Изучение важнейших проблем английской революции, особенно активизировавшееся со второй половины 30-х годов, способствовало созданию коллективного двухтомного труда "Английская буржуазная революция ХVII века". Он в значительной степени был подготовлен еще накануне войны и должен был составить часть многотомной "Всемирной истории", но увидел свет под редакцией акад. Е. А. Косминского и др. только в 1954 г.

Особенно пристально ученые изучали Великую французскую буржуазную революцию 1789-1799 гг.

Первым из советских историков, приступивших к исследованию наиболее близкого концепции большевиков якобинского периода Французской революции, явился Н. М. Лукин (1885-1940). Его книга о Робеспьере[26] впервые была опубликована в 1919 г. и в дальнейшем неоднократно переиздавалась.

Николай Михайлович Лукин - воспитанник Московского университета. Уже в его выпускном сочинении "Падение Жиронды" (1909) написанном в семинаре проф. Р. Ю. Виппера и удостоенном факультетской премии, молодой ученый высказал суждение о том, что в ходе борьбы с жирондистами формировался блок демократических сил, ставший в дальнейшем опорой якобинской власти.

Революционная и партийно-публицистическая деятельность имела для Лукина, как историка, немалое значение. В 20-30-е годы опубликованы его основные исследования. Часть из них была написана на материалах французских архивов, которые он изучил в 1928 г. во время пребывания во Франции.

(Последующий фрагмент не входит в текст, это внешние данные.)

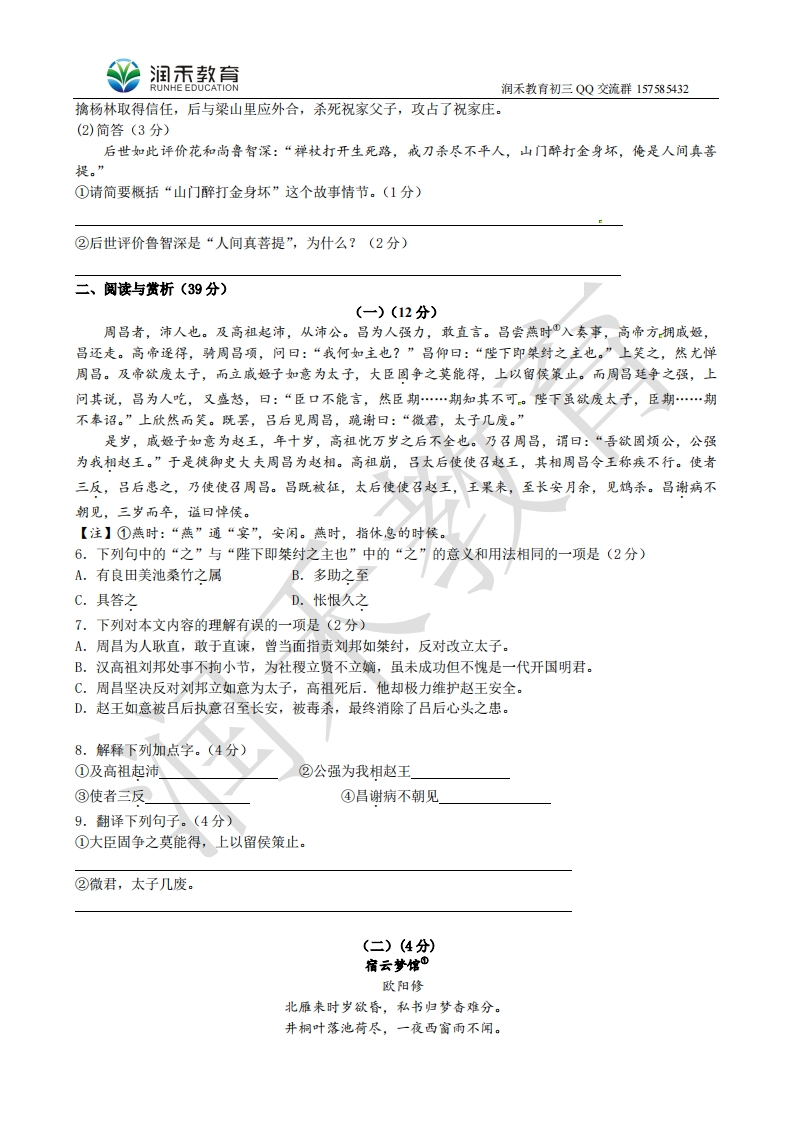 润不教急润禾教有初三QQ交流群1575854322015年秋学期期中考试试卷初三语文2015.11注意事项:1.本卷分试题和答卷两部分,所有答案一律写在答卷上。2.本学科考试时间为150分钟,满分为130分。一、积累与运用(25分)1.根据课文默写。(10分)①君子好逑。(《诗经·关雎》)②兼葭凄凄,。(《诗经·兼葭》)③固国不以山溪之险。(孟子《得道多助,失道寡助》)④且壮士不死即已,死即举大名耳,!(司马迁《陈涉世家》)⑤土地平旷,(陶渊明《桃花源记》)⑥窥谷忘反。(吴均《与朱元思书》)⑦春风不度玉门关。(王之涣《凉州词》)⑧晓战随金鼓,(李白《塞下曲》)⑨蒌蒿满地芦芽短,。(苏轼《惠崇(春江晚景》)⑩绿杨烟外晓寒轻,。(宋祁《木兰花》)2.下列各组词语中读音和书写都有错误的一项是(3分)A.端详(xing)万簌(ldi)俱寂B.阔绰(chuò)融会(hui)贯通C.胆怯(què)消声匿(ni)迹D.殷(yin)红言简意赅(gai)3.下列句子中加点的词语使用不正确的一项是(3分)A.满江画着的片片墨色山影,使人恍惚沉进恬静的梦境。B.人格的高洁、灵魂的纯净、思想的深邃都可以在淡泊中孕育。C.战乱使很多叙利亚人无家可归,无以为生,兀兀穷年,被迫沦为难民逃往欧洲。D.林则徐虎门销烟的壮举家喻户晓,但他在兴修水利方面的功绩却鲜为人知。4.对下面文段中加点词的解释有错误的一项是(3分)水皆缥碧,千丈见底。游鱼细石,直视无碍。急湍甚箭,猛浪若奔。夹岸高山,皆生寒树:负势竞上,互相轩遂;争高直指,千百成峰。A.甚:胜过。B.奔:奔马。C.竞:争着。D.轩邈:高远。5.名著阅读(6分)(1)下列有关《水浒传》的内容表述正确的一项是(3分)A.林冲是《水浒传》中塑造得最好的人物之一,金圣叹称之为“上上人物”。林冲被逼上梁山前经历了误入白虎堂、倒拔垂杨柳、活捉扈三娘、风雪山神庙、雪夜上梁山等事。B.武松为兄报仇怒杀西门庆和潘金莲:发配孟州途中在十字坡酒店结识孙二娘:后又醉打蒋门神,大闹飞云浦,血溅鸳鸯楼:为躲避缉捕夜走蜈蚣岭,痛杀王道人。C,鲁达为金老父女凑盘缠时把自己身上带的五两银子都给了金老,而史进却只“去身边摸出二两来银子”,鲁达嫌他“不爽利”,干脆不要他的银子,丢还与他,给他一个难堪。D,三打祝家庄时,孙立利用与祝家庄师爷是同门兄弟的关系,率梁山好汉假冒官军进入祝家庄。孙立假
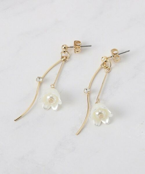 華奢なゴールドパーツとビジュー、リリーモチーフが上品なデザインピアス。
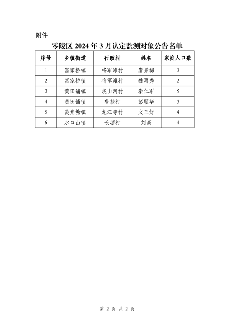 零陵区2024年3月认定新增监测对象名单公告
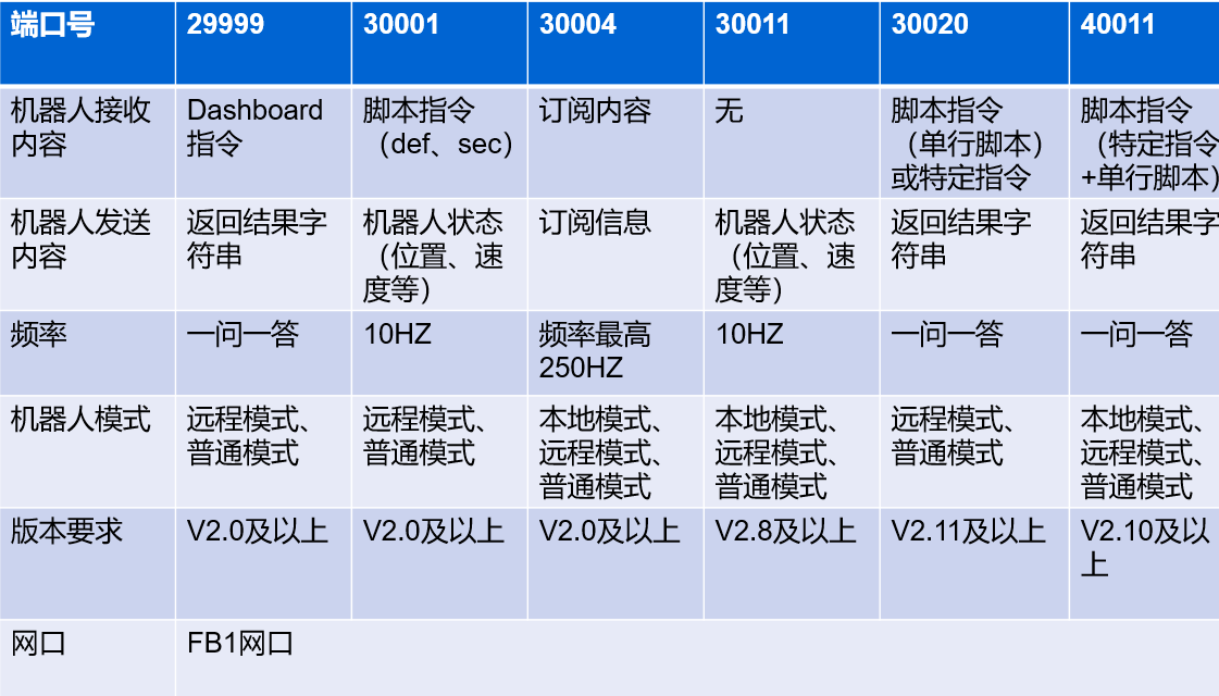 ● 30001和30011端口全數(shù)據(jù)獲取,頻率均為10HZ,區(qū)別30001可以響應(yīng)外部腳本輸入,30011僅用于外部監(jiān)測機(jī)器人狀態(tài),可在任意機(jī)器人模式下獲取。
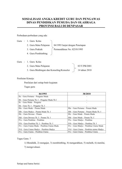 tahun pelajaran 2005/2006 semester genap sk no. 2 nip/nomor seri karpeg : Besaran angka kredit untuk publikasi karya tulis hasil penelitian pada bidang pendidikan di sekolah/ madrasahnya seperti pada tabel. Penilaian dan penetapan angka kredit, kenaikan pangkat/jabatan, pembebasan sementara, pengangkatan kembali, dan pemberhentian dari jabatan guru sesuai dengan peraturan menteri negara pendayagunaan aparatur negara dan reformasi birokrasi nomor 16 tahun 2009tentang jabatan fungsional guru dan angka kreditnya dan peraturan bersama menteri. Panduan kerja tenaga administrasi sekolah.
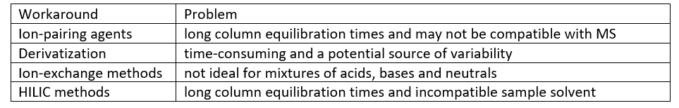 Les acides polaires présentent un ensemble de problèmes spécifiques qui les rendent particulièrement difficiles à retenir dans des conditions de chromatographie en phase inversée. Les silanols ionisés qui sont présents créent une charge négative à la surface de la phase stationnaire qui repousse les acides ionisés, chargés négativement. Il existe quelques solutions de contournement que les scientifiques peuvent utiliser pour retenir les acides polaires sur une colonne à phase inversée, mais elles ajoutent souvent une autre couche de complexité et de variabilité potentielle à leurs flux de travail. Certaines des "solutions de contournement" les plus courantes sont énumérées ici avec les problèmes qu'elles posent :

Велика была и научно-организаторская деятельность Лукина в этот период, однако она вовсе не прерывала его исследовательских поисков. Большое место Лукин отводил анализу тактики якобинцев в период обострения противоречий внутри страны. Вместе с тем он обоснованно отмечал, что якобинцы никогда не стремились к уничтожению классов, считая экономическое равенство химерой. "Специфические нужды рабочих, как класса, живущего продажей своей рабочей силы, были совершенно чужды вождю якобинства", указывал Лукин, формулируя вывод, особенно важный потому, что этот вопрос был в историографии крайне запутан. Установление якобинского террора он оценивал как факт исторической необходимости.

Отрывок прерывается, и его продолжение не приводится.